**Extracted material**
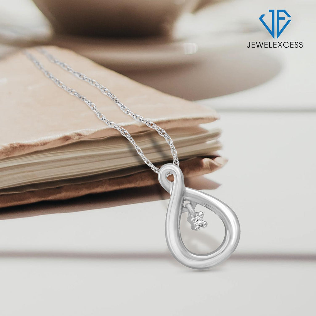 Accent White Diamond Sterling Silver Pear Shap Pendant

==

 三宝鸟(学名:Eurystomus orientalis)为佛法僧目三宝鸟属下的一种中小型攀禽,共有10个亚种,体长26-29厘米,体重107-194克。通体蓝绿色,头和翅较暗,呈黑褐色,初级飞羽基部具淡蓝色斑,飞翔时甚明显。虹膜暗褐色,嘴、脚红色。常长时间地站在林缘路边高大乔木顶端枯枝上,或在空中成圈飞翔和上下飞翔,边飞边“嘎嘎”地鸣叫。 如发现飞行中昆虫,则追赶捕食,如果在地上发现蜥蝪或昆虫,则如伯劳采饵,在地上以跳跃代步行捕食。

---

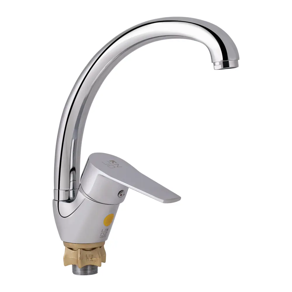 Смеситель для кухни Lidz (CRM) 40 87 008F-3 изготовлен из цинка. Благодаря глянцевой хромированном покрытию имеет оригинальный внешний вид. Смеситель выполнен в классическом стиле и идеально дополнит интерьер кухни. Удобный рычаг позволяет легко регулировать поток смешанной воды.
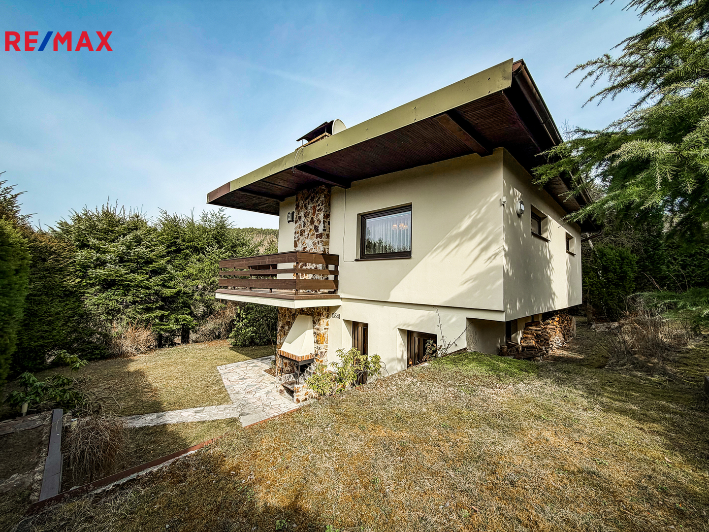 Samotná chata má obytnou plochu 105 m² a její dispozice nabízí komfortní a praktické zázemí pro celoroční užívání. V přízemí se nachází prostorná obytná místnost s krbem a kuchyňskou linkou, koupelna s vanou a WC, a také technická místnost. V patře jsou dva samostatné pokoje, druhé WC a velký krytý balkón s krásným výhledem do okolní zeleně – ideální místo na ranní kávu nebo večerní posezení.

**Exercise goal**
An exact copy is needed. It runs from the line above containing "Смеситель для кухни" down to the line containing "Samotná chata má", both included, with no pictures.

**The answer**
 Смеситель для кухни Lidz (CRM) 40 87 008F-3 изготовлен из цинка. Благодаря глянцевой хромированном покрытию имеет оригинальный внешний вид. Смеситель выполнен в классическом стиле и идеально дополнит интерьер кухни. Удобный рычаг позволяет легко регулировать поток смешанной воды.
 Samotná chata má obytnou plochu 105 m² a její dispozice nabízí komfortní a praktické zázemí pro celoroční užívání. V přízemí se nachází prostorná obytná místnost s krbem a kuchyňskou linkou, koupelna s vanou a WC, a také technická místnost. V patře jsou dva samostatné pokoje, druhé WC a velký krytý balkón s krásným výhledem do okolní zeleně – ideální místo na ranní kávu nebo večerní posezení.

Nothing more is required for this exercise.